I try to bring it up, but Anke instantly shushes me and tells me not to even think about such things until I’ve had time to mourn my father. Tears fill my eyes afresh for Emmitt, for he’s just lost a father, too. However broken and misguided the Margrave had been, he was his father, nonetheless.
From Bran and the tailor come a handkerchief of fine linen, with embroidered threads outlining the sign that hangs outside of Curio, bearing its name.
After the handkerchief is safely tucked in Papa’s hand, I stand at the head of the box, realizing that I have nothing prepared to add. I don’t have anything special to give him. Panic and embarrassment well up in the corners of my eyes, until Bran, seeing my distress, speaks up.
“Piro, I wondered if you might send some of his favorite tools with him, that is, if you can spare them?”
Relief floods in, and I nod. Of course my father should have some of his favorite tools buried with him. It’s only right. The workshop is respectfully silent as I walk around to the various workbenches, looking over every hammer and chisel and saw. A thousand memories cling to each tool like particles of dust.
I finally select a chisel with a handle worn smooth and glossy, and his favorite carving blade. Reverently, I set one in each hand, feeling a sense of rightness, knowing he will be near to some things he loved even if he cannot be near to us.

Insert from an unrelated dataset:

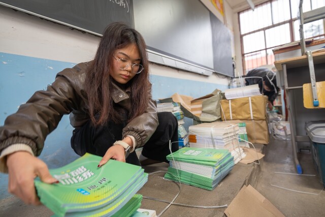 (八年级教室里,老师正在给同学们分发新学期课本。湖南日报全媒体记者 童臻熙 摄)

Though it is not a common practice in Tavia, and we never discussed it—neither of us ever imagined a future where he didn’t exist—I firmly insist that my father be buried out in the woods. He should be laid in a hallowed space at the foot of the old trees, instead of in the small churchyard that lies in the shadow of Wolfspire Hall. I may not be able to give him a beautiful casket, but I can return him to a place where he felt at home.
Late that afternoon, through a haze of villagers already wearing black to make a show of respect for the Margrave, Burl dutifully pulls the old wood-hauling wagon carrying the coffin behind him. It’s as if he understands his task; one last trip to the wood with the puppetmaster. Bran rides in the wagon with me, and the rest of our small procession follows behind.
Tears parade down my face at the sight of so many people lining the streets to watch us pass; their heads are bowed, their eyes are wet. Women swipe at their cheeks with work-stained aprons and children run alongside the wagon, tiny legs pumping, gifts for the departing puppetmaster clutched tightly in small fists. I make Bran stop several times, as the candlemaker’s twins and others dash up to bestow their treasures on the lifeless box where the puppetmaster lies.
One child hands me a beautiful marionette I haven’t seen for years, a two-foot-tall lumberjack with a mighty six-inch axe, hanging by his strings from a cross-hatched control. Then comes a jovial clown, whose carved head and hands are attached to a cloth body that pops down into a cone anchored to a long wooden peg. A few toss their offerings into the wagon, as if throwing flower petals. As we proceed through the streets, the air rains with wooden tops and intricate ring-puzzles, small carved animals, wooden blocks and an odd sling-shot or two.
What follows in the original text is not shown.